Keyboard shortcuts

Press or to navigate between chapters

Press S or / to search in the book

Press ? to show this help

Press Esc to hide this help

crossmem

crossmem is a local-first citation and knowledge pipeline. It captures academic papers (arXiv PDFs today, YouTube and more coming), compiles them into structured wiki notes with verbatim quotes and provenance metadata, and serves them to AI agents via MCP.

What it does

  1. Capture — downloads a paper, extracts metadata from arXiv + CrossRef + OpenAlex, generates a deterministic cite key
  2. Compile — parses the PDF (via Marker or pdftotext), splits into paragraph-level chunks with bounding-box provenance, runs a local LLM (Ollama) to add paraphrase and implication per chunk
  3. Verify — re-hashes every chunk’s text against its stored SHA-256; detects silent drift
  4. Cite & Recall — MCP tools that let Claude (or any MCP client) look up citations and search your wiki

Design principles

  • Verbatim quotes are ground truth.
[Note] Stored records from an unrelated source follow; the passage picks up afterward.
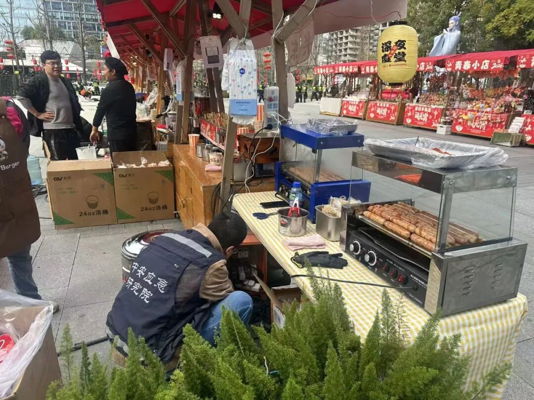 陈老师、韩老师对交子大道两侧元宵节活动开展安全检查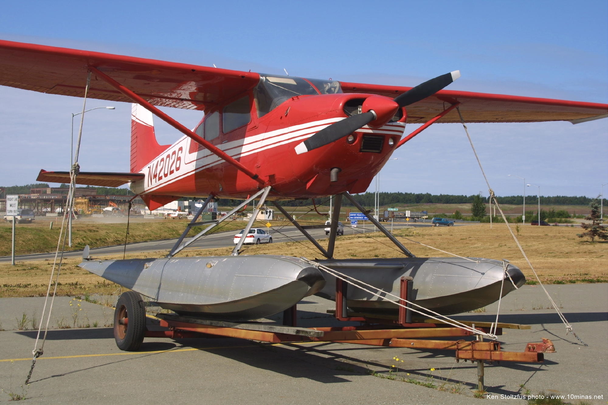 Cessna 180 N42026, ’72, on a typical dolly at Lake Hood, ANC, AK 7-04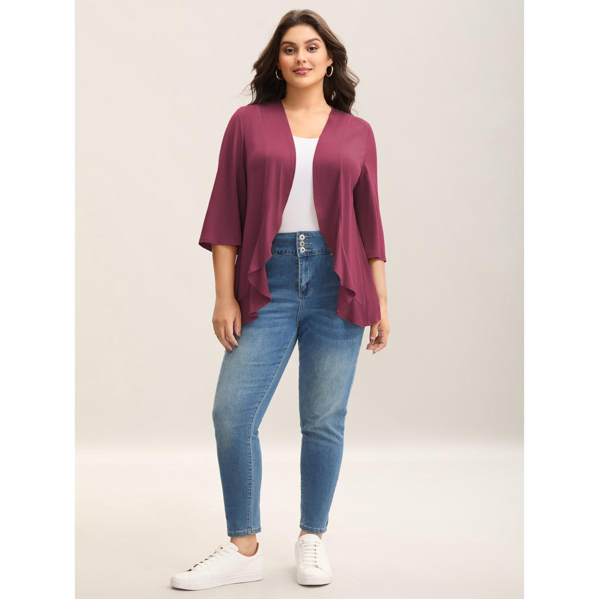Plus Size Lotus Hem Curvy Kimono Cover-Up Women Burgundy Leisure Plain Casual Kimonos BloomChic 10/M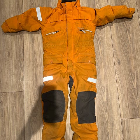 Vinterdress i str 120. Brukt 1 sesong. Ene benet er tråkket på, men har ingenting å si for bruken. Og bruksmerker på knær og rumpe.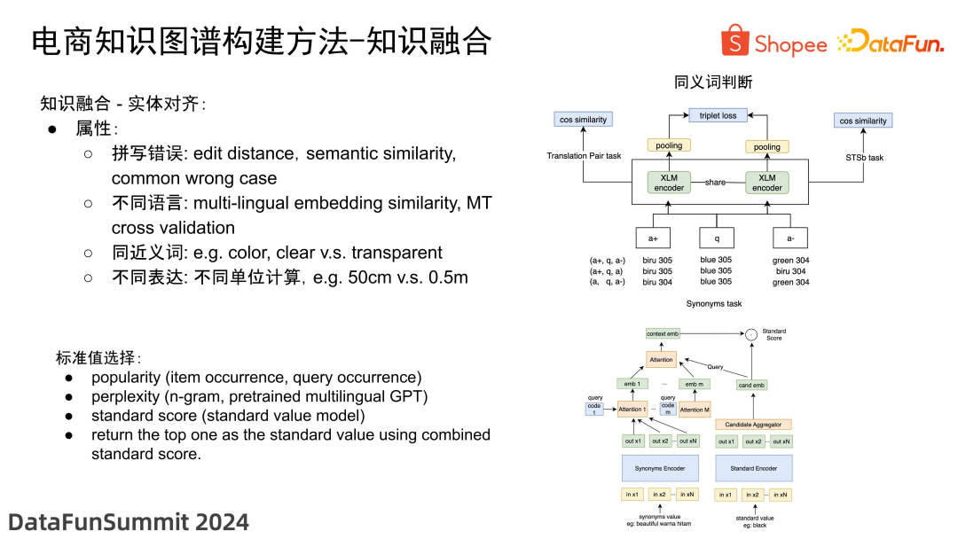 知识融合的另一个难题是实体对齐。以属性为例,在实体对齐中涉及多种类型。我们的目标是对齐同一属性值的不同表达方式。对于拼写错误的问题,可以通过编辑距离、语义相似度、常见错误集合等方法处理。对于不同语言的问题,可以使用多语言嵌入相似度和模型翻译等方法解决。同义词和近义词的区分可能会有一些困难,因此我们借鉴了 Labse 模型框架,训练了一个同义词模型。重点区分词形相似但语义差别很大,以及不同词形但语义相近的情况。还有不同单位的情况。例如,一个人可能用"50cm",另一个人用"0.5m",我们针对这种情况进行了单位转换计算等处理。

The LLM only touches paraphrase/implication fields, never the original text.
  • Provenance is first-class. Every chunk carries page, section, bounding box, SHA-256 hash, and byte range back to the source PDF.
  • Metadata is cross-verified. Title, authors, and year must agree across at least two canonical sources (arXiv, CrossRef, OpenAlex). Disagreements surface as warnings, not silent picks.
  • Everything runs locally. No cloud APIs. Ollama for LLM, Marker for PDF parsing, all on your Mac.